Info 159/259. Natural Language Processing

Info

This course introduces students to natural language processing and exposes them to the variety of methods available for reasoning about text in computational systems. NLP is deeply interdisciplinary, drawing on both linguistics and computer science, and helps drive much contemporary work in text analysis (as used in computational social science, the digital humanities, and computational journalism). We will focus on major algorithms used in NLP for various applications (part-of-speech tagging, parsing, coreference resolution, machine translation) and on the linguistic phenomena those algorithms attempt to model.
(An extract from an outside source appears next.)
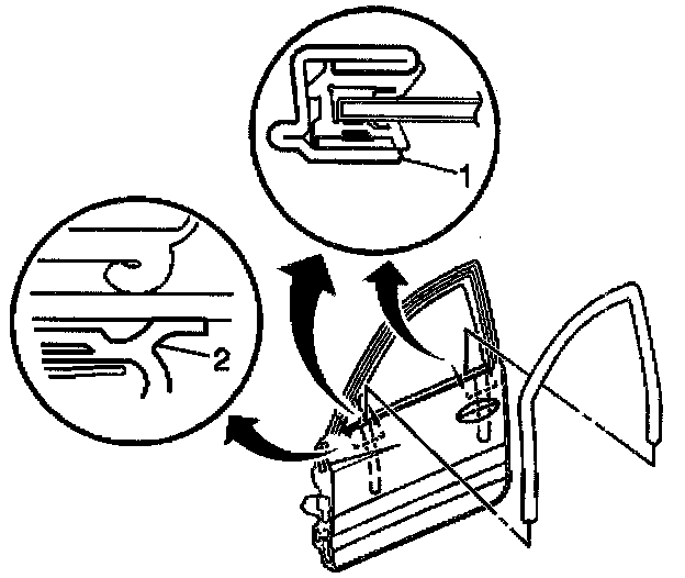 1.1. The window run channel outboard lip at the rearview mirror is rolled over or the glass run channel outboard lip at the B pillar is rolled over (2).
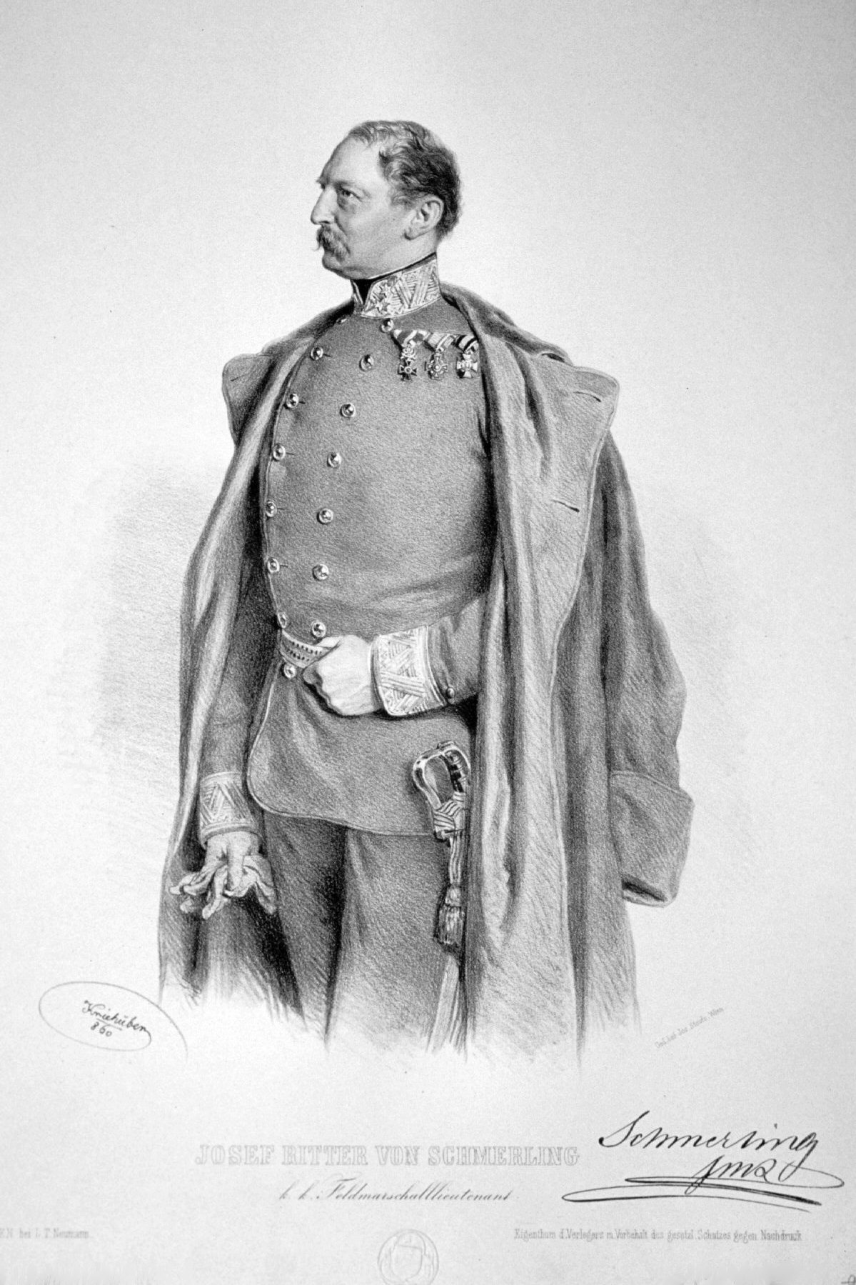 Deutsch: Josef von Schmerling (1806-1884), k. k. Feldzeugmeister, Lithographie von Josef Kriehuber , 1860 |

Students will implement algorithms and create linguistically annotated data on which those algorithms depend.

Staff

David Bamman (dbamman@berkeley.edu), OH: Wed 10am-11am (314 South Hall); 11am-noon (Zoom; Queue).

TAs (info159259-instructors@lists.berkeley.edu):

Kent Chang (kentkchang@berkeley.edu)

Jingshu Rui (jingshu_rui@berkeley.edu)

Tim Schott (timschott@berkeley.edu)

Aryia Dattamajumdar (aryia.datta@berkeley.edu)

Rachel McCarty (rachelmccarty@berkeley.edu)

Divya Tadimeti (dtadimeti@berkeley.edu)

Nancy Xu (yinuoxu54@berkeley.edu)

TA Office Hours

Monday: 2-3pm, South Hall 210 (Tim/Divya)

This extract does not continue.